La reconversión de las prácticas estatales, institucionales y subjetivas hacia formas de competitividad empresarial, impide cada vez más evaluar cualquier tipo de acción, proyecto individual o colectivo, si no es en los términos de la capitalización y el retorno de la inversión. Si vemos diariamente cómo el concepto de libertad queda reducido a la no obstaculización de la libertad de mercado es porque nos pensamos cada vez más como inversores que requerimos reglas de juego claras para conseguir los mejores resultados posibles. La figura del ciudadano que delibera en conjunto con sus pares se ha diluido en el empresario de sí mismo que compite con los otros y consigo, para aumentar sus rendimientos indefinidamente.

¿Lo que estamos confirmando no es simplemente el enorme poder del ámbito económico sobre el político? ¿No ha sido siempre así de algún modo y aún más en los últimos siglos?

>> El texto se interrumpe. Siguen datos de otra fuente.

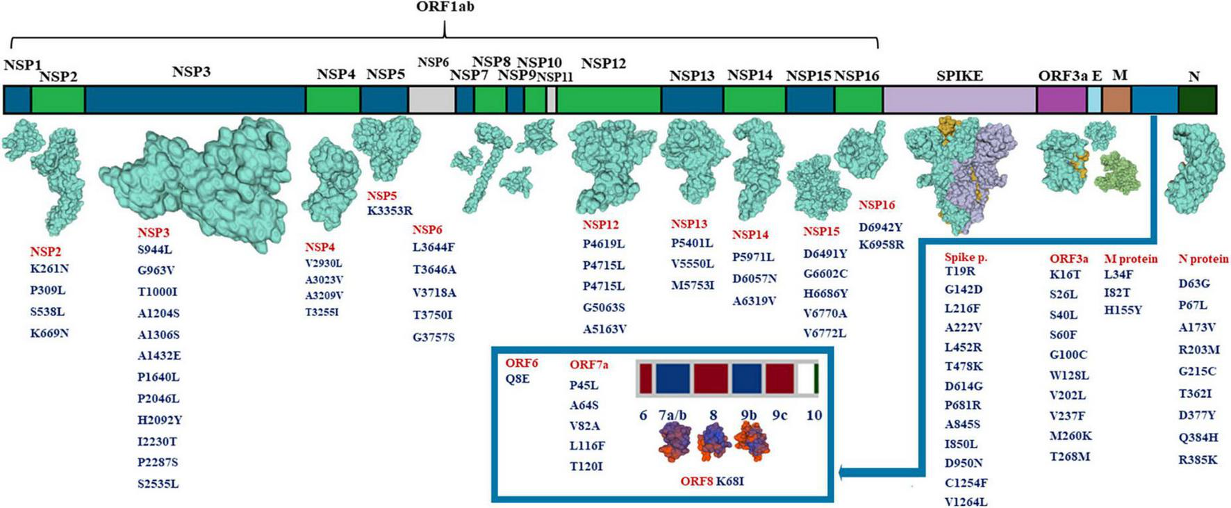 The mutations observed in this work belonged to both structural and non-structural proteins (Figure 3). Among non-structural proteins, we did not determine changes in NSP1, NSP7, NSP8, NSP9, NSP10, and NSP11. The number of mutations observed in this work coincides with proteins’ molecular parameters; the highest number of mutations were determined in NSP3 and spike protein. NSP3, the largest coronavirus protein, is one of the essential proteins involved in replication/transcription processes (20). NSP3 is one of the well-established proteases in SARS; NSP3 is responsible for papain-like functions (21) and NSP5 is known as 3CL (chymotrypsin-like main) protease (22).

Es necesario ser cuidadosos para no suponer que se trata de “la misma historia de siempre”, más bien parece que estamos asistiendo a la cancelación de las condiciones de posibilidad de la democracia a manos de prácticas y hábitos economicistas. Afirma Wendy Brown que “los valores económicos no simplemente han sobresaturado lo político o han adquirido predominancia sobre lo político. Por el contrario, una iteración neoliberal del homo economicus está extinguiendo al agente, la lengua y los dominios a través de los que la democracia –cualquier tipo de democracia- se materializa.”

Debemos ser capaces de interpelar nuestro deseo de democracia. Seguramente lo estamos dando por sentado porque el espíritu de nuestra época así lo impone, pero sin dudas no se trata de una situación natural. El autogobierno del pueblo es lo que debemos producir y profundizar, en lugar de darlo por sentado o pensar que queda resguardado por un conjunto de instituciones de las que cada vez se participa menos mientras se persiguen con más ahínco formas de “realización personal”. Quizás la democracia sea una potencia, un derroche, una forma de lujo colectivo que no entra en el cálculo utilitario y que, como tal, sea el resguardo último de otros modos de vida.